We designed a computational model by applying conditional random field to predict dihedral angles. The overall accuracies by dividing dihedral angles into 18 bins are 86% for ϕ and 84% for ψ. In the case of two-peak prediction, the accuracies are improved to 96% for ϕ and 89% for ψ. Apparently, these high-accuracy predictions are very useful in understanding the structural variations of proteins.

In addition to the division of both dihedral angles into 18 equal bins, we also did the prediction by clustering angles into two peaks. By applying the two-peak based scheme, the prediction accuracy was further improved. The accuracy under two-peak scheme is positively correlated with the accuracy under 18-bin based scheme. Between two peaks, the prediction accuracy on ϕ showed correlations, but not for ψ. This is an interesting observation. As shown by previous study on the prediction of protein dihedral angles, the division of two peaks will be helpful in improving the overall prediction accuracy (Faraggi et al., 2009). Hence, the same strategy can be applied in the future on the study for amino acid substitution.

To understand the sources of the prediction error, we further analyzed the accuracies of 20 types of amino acids, as well as their relations with amino acid flexibility, composition, location, secondary structures, and angular distribution. As indicated by the analysis, glysine has the way low accuracy compared to other amino acids. Helical residues will usually have higher accuracy than other amino acids in other secondary structures. However, in specific angular regions, beta-sheet amino acids will have higher accuracy. The accuracy was also influenced by amino acid flexibility, but not amino acid composition.

Glycine is a very peculiar amino acid. From structural point of view, glycine has no side chains. Hence, glysine can be very flexible on its dihedral angles. This was reflected by several points in our study. First, glycine has a very large value of angle distribution dispersion on both dihedral angles. The dispersion of ϕ is almost twice larger than others, while the dispersion on ψ is the second largest among 20 amino acids. Second, the prediction accuracy for ψ of glycine is higher than that of ϕ. This is in contrary to all other amino acids. These properties make it very difficult to prediction dihedral angles of glycine. The similar situation is also observed for asparagine.

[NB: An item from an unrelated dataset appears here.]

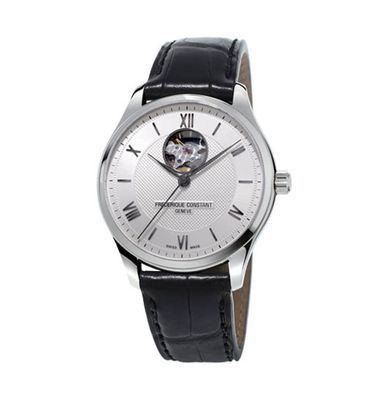 Cette montre Frédérique Constant Classics Index automatique 40mm 3 aiguilles se compose d’un boitier en acier, d’un cadran argenté avec un coeur ouvert et d’un bracelet en cuir noir. Verre saphir. – Référence fournisseur : FC-310MS5B6

We further applied a quantity called angle distribution dispersion to describe the width of distribution for predicted angles. Other than above mentioned 18-bin and two-peak based schemes, we tested 72-bin based prediction and applied the results in distribution analysis. The angle distribution dispersion for ϕ is negatively correlated with amino acid flexibility. The prediction accuracy of ϕ can also be negatively correlated to the scale of angle distribution dispersion.

Compliance with ethics guidelines

Shesheng Zha, Shengping Jin, and Bin Xue declare that they have no conflict of interest.This article does not contain any studies with human or animal subjects by any of the authors.